Dataset entries:
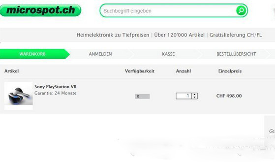 來自瑞士的電商Microspot已經(jīng)將索尼的虛擬現(xiàn)實(shí)頭顯PlayStation VR上架其官網(wǎng)進(jìn)行預(yù)購,標(biāo)價(jià)498瑞士法郎,折合約為497美元,需要到2016年6月30日才能發(fā)貨。經(jīng)相關(guān)媒體嘗試,付款前的預(yù)購流程都能順利完成,另外訂購單顯示PlayStation VR提供兩年保修期。索尼暫未對此作出評(píng)論。
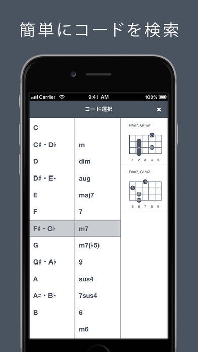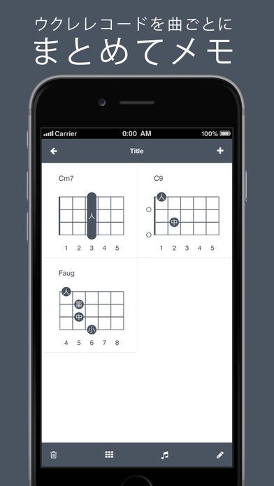 App Storeより引用ウクレレ初心者にもおすすめ!ウクレレコードの押さえ方を簡単に調べられるコードブックアプリ!
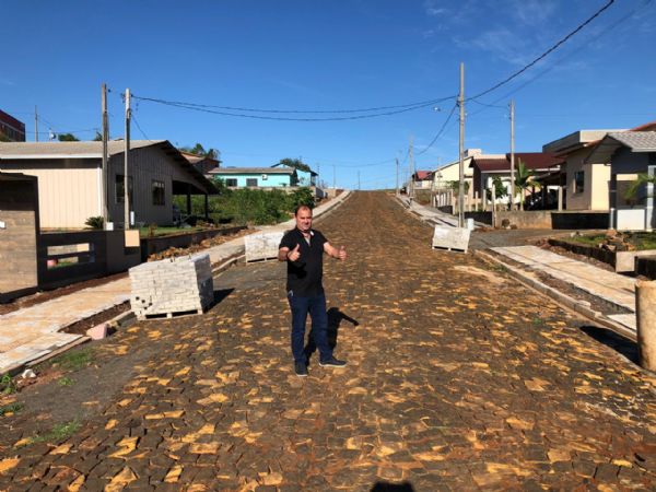 Nova Esperança do Sudoeste: obras de calçamento e calçadas
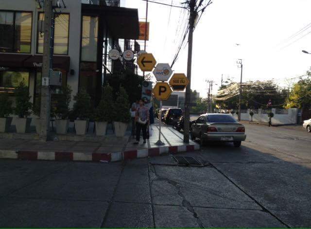 พอลงรถเมล์แล้ว ให้ข้ามไปฝั่งตรงข้ามค่ะ แล้วมองหามอเตอร์ไซค์รับจ้าง บอกเขาว่าไปโครงการสุโขทัย 99 ซึ่งตอนเราบอกไปแบบนั้น พี่วินเขาไม่รู้จัก (ฮา) อาจจะเพราะเป็นโครงการที่เพิ่งสร้างใหม่ไม่นาน(?) เลยต้องเปิดแผนที่โชว์ แล้วบอกว่าเลยกรมที่ดินไปหน่อย
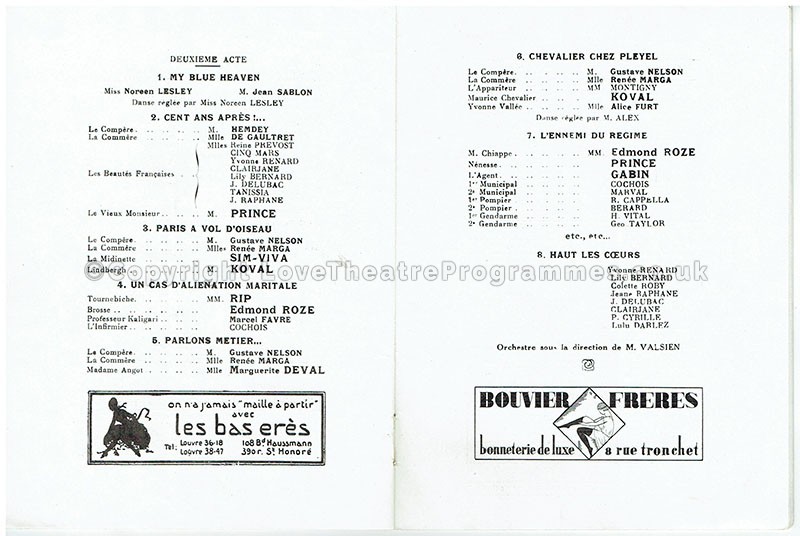 As expected with a revue, many actors, dancers and singers appear in this production including Georges Gabriel Thenon (nom de plume, and stage name: Rip), Edmond Roze, producer and actor, and Jean Sablon, singer and actor to name but a few. The programme also contains photographs of many of the cast.
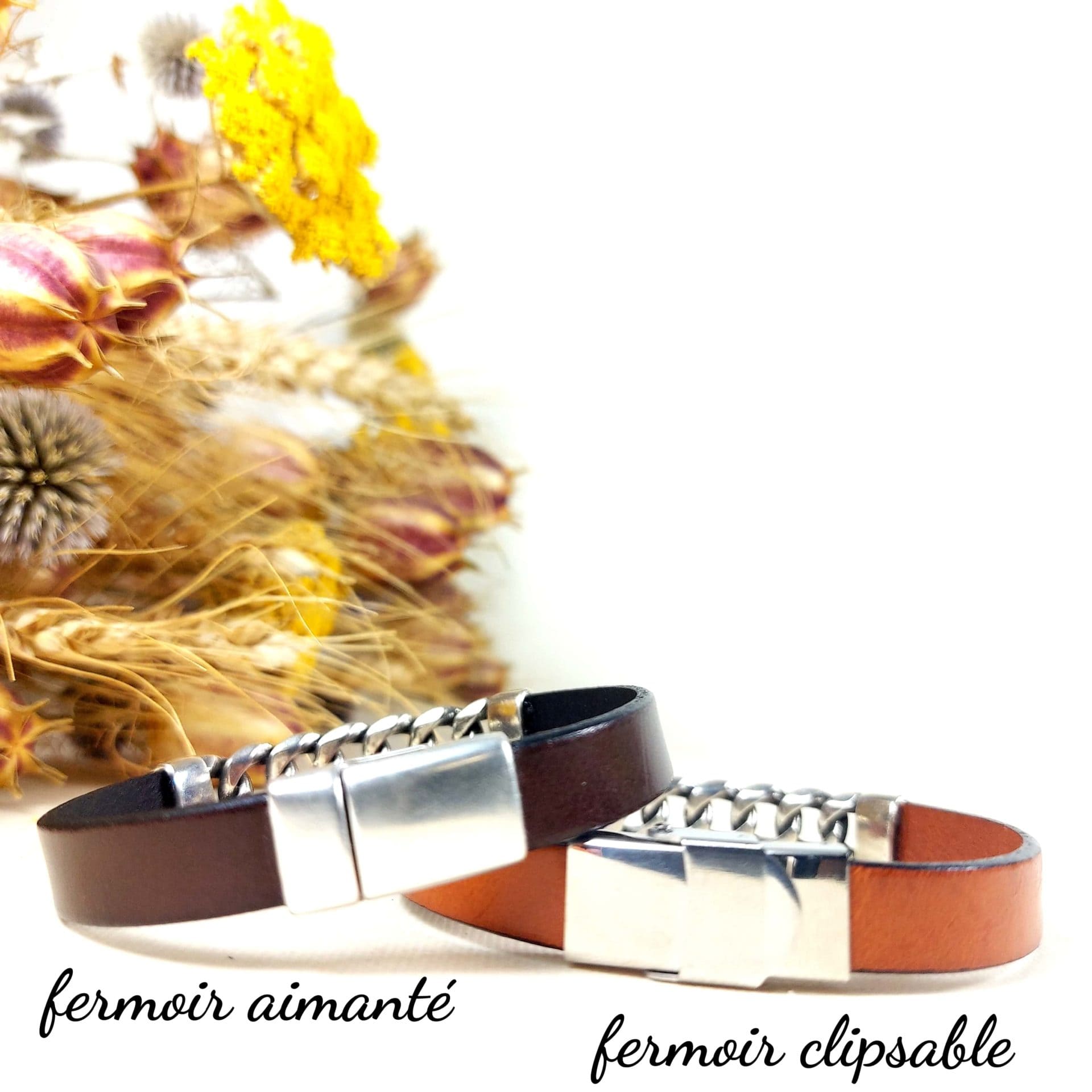 Tous les éléments de ce bracelet (cuir, fermoir, maillons) sont fabriqués en Europe. J’assemble chaque pièce à la main, dans mon atelier en Deux-Sèvres, selon vos choix de couleur, de fermoir et de taille.
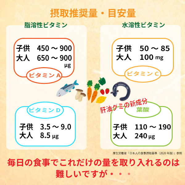 | □名称 ビタミンA、ビタミンD、ビタミンC、葉酸含有食品 |
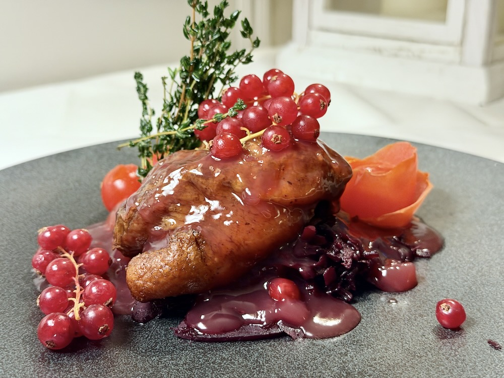 Starters of tempura crab in a satay sauce and a fried Irish brie with a red berry sauce comprised a tasty opener. This was followed by a thick, smooth butternut squash soup with a swirl of parsnip olive oil and a floating boat of bread swept with cream cheese.

• _What you have to do_: Although the records above contain pictures, the copy should hold only the lines from their start through the line containing "App Storeより引用ウ", each exactly as written, and none of the pictures.

• _Task output_:
 來自瑞士的電商Microspot已經(jīng)將索尼的虛擬現(xiàn)實(shí)頭顯PlayStation VR上架其官網(wǎng)進(jìn)行預(yù)購,標(biāo)價(jià)498瑞士法郎,折合約為497美元,需要到2016年6月30日才能發(fā)貨。經(jīng)相關(guān)媒體嘗試,付款前的預(yù)購流程都能順利完成,另外訂購單顯示PlayStation VR提供兩年保修期。索尼暫未對此作出評(píng)論。
 App Storeより引用ウクレレ初心者にもおすすめ!ウクレレコードの押さえ方を簡単に調べられるコードブックアプリ!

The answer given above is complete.